Quake causes Berto to back out of fight
January 19, 2010 - 10:00 pm
The strain of dealing with the Haitian earthquake was too much for Andre Berto, forcing him to withdraw from his fight next week with Shane Mosley at Mandalay Bay. The move could open up a much bigger fight matching Mosley against Floyd Mayweather Jr.
Promoter Richard Schaefer said Monday he already was working on trying to make a Mosley-Mayweather match and said both boxers were interested in the bout.
“I’m going to do whatever I can to pull it off,” Schaefer said. “I’m cautiously optimistic we can put something together. It would be a great fight.”
Mayweather has been looking for an opponent ever since his March 13 megafight with Manny Pacquiao collapsed amid Mayweather’s demand for blood testing for performance enhancing drugs. Mosley would be an interesting choice, since he had links to the Bay Area Laboratory Co-operative lab and says he unknowingly used steroids before his 2003 fight with Oscar De La Hoya.
Schaefer said he wasn’t sure if Mayweather would demand blood testing for Mosley but said he already has talked to the Mayweather camp and been given assurances he wants the fight. If negotiations prove successful, it would be held either May 1 or May 8 in Las Vegas.

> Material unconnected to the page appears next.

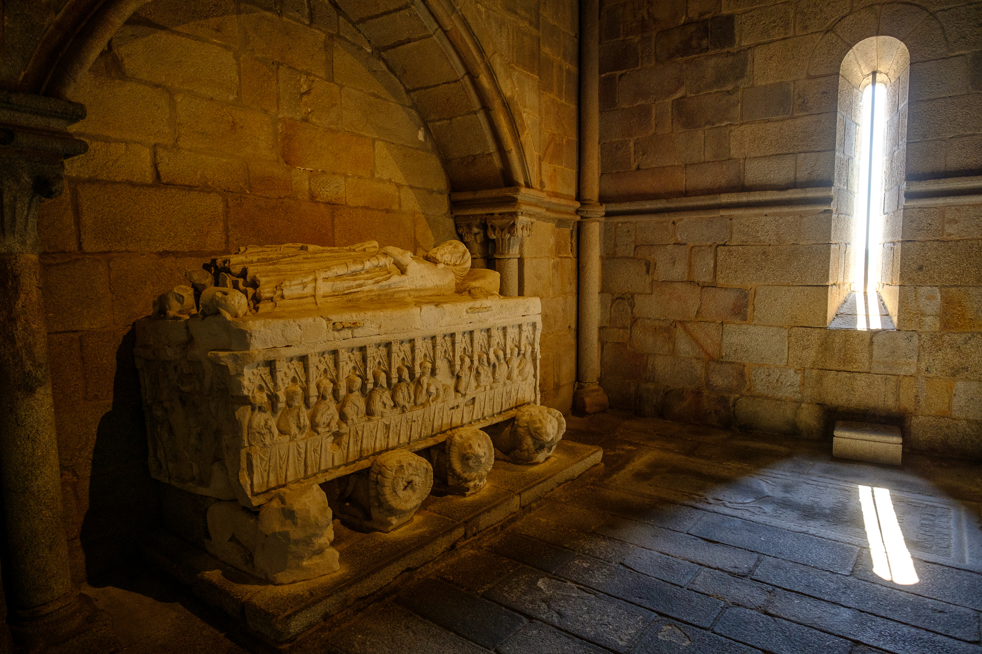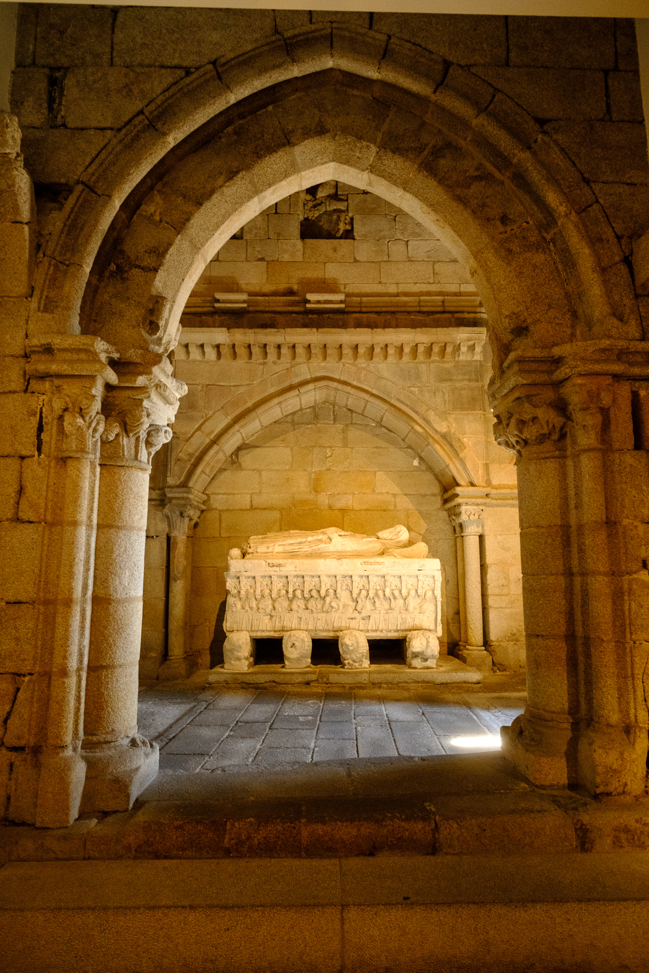 Hier findet sich auch eine der schönsten Arbeiten der Kathedrale, die von vielen übersehen wird. In einer Kapelle, die sich am Südende des Kapitelhauses befindet, findest sich einer der schönsten mittelalterlichen Sarkophage in Portugal. Auf vier Löwen ruhend befindet sich hier der Sarg von João Gordo, einem Ritter des Malteserordens und Vertrautem Dom Dinis (João Gordo war Schatzmeister des Königshauses). Er starb am 10. Dezember 1333 und für ihn wurde diese Kapelle gebaut – geschichtlich interessant, da er einer der wenigen Bürger ist, dem eine solche Kapelle und ein solcher Sarkophag gebaut wurde. Normalerweise sind solche Monumente Königen und Geistlichen vorbehalten; damit wird deutlich, welch wichtige Stellung João Gordo in der damaligen Gesellschaft gehabt haben muss.

“Mayweather is interested, and so, of course, is Shane,” Schaefer said. “Now it’s a matter of negotiating the right deal structure that makes everyone happy.”

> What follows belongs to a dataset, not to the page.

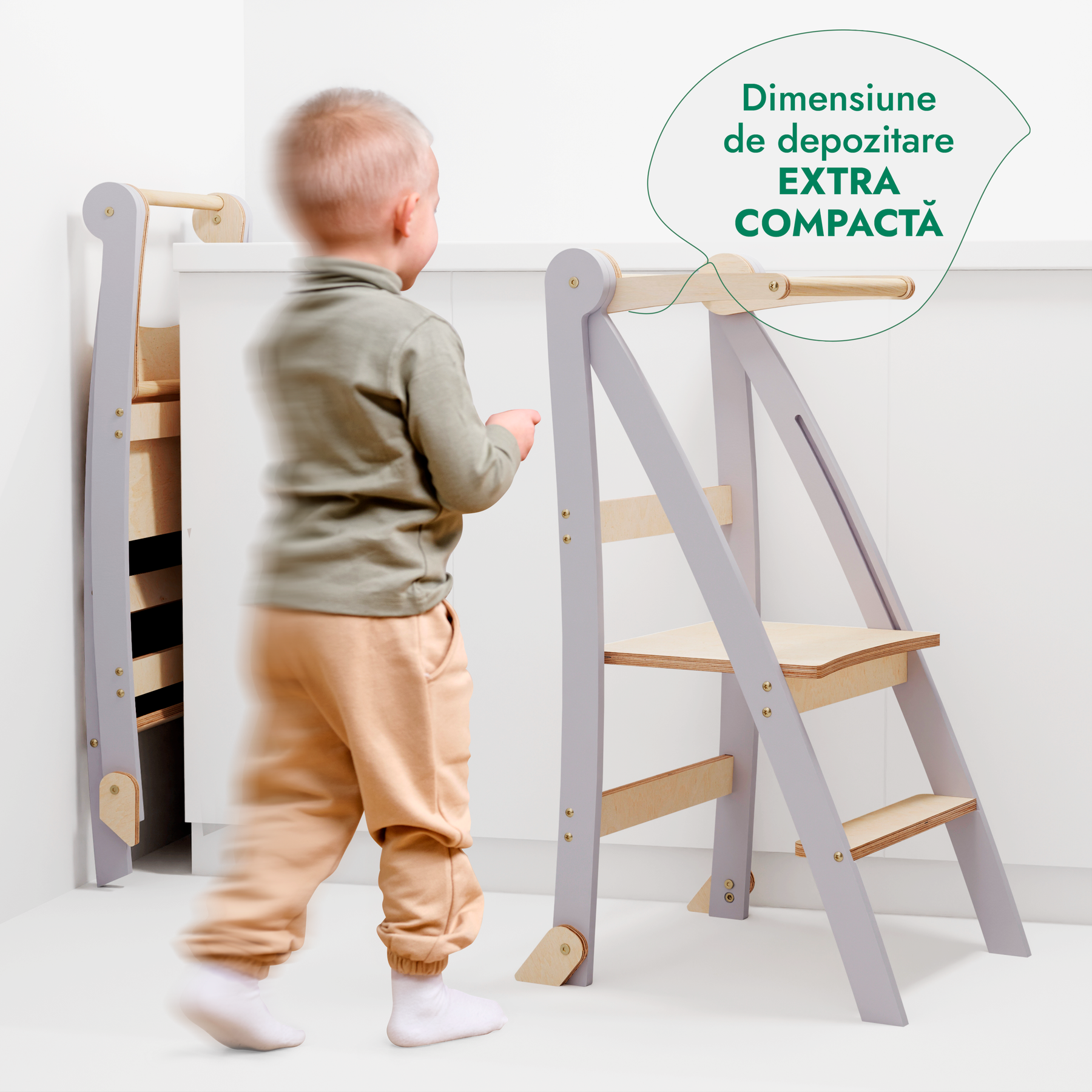 Lasă-ți micuțul să exploreze, să învețe și să crească cu încredere! De la amestecarea și frământarea aluatului, până la tăiere, feliere, turnare și chiar spălatul dinților sau al vaselor — activitățile zilnice devin distractive și educative cu sprijinul turnului nostru pliabil pentru copii mici.

Berto and Mosley were to meet a week from Saturday at Mandalay Bay in a scheduled 12-round fight for Berto’s WBC welterweight title. The fight against the veteran Mosley was to have been televised on HBO and would have been the biggest of Berto’s career.
But Berto, who represented Haiti in the Athens Olympics, said he could not train properly for the fight in the wake of the devastating earthquake that hit the country where his parents were born.
“As a result of this disaster, I am mentally and physically exhausted, and therefore I have no choice but to withdraw from my bout,” Berto (25-0, 19 knockouts) said in a statement.
Berto, who has many relatives on the island, had been in training in Florida and was to arrive in Las Vegas on Wednesday. But he said he could not go forward.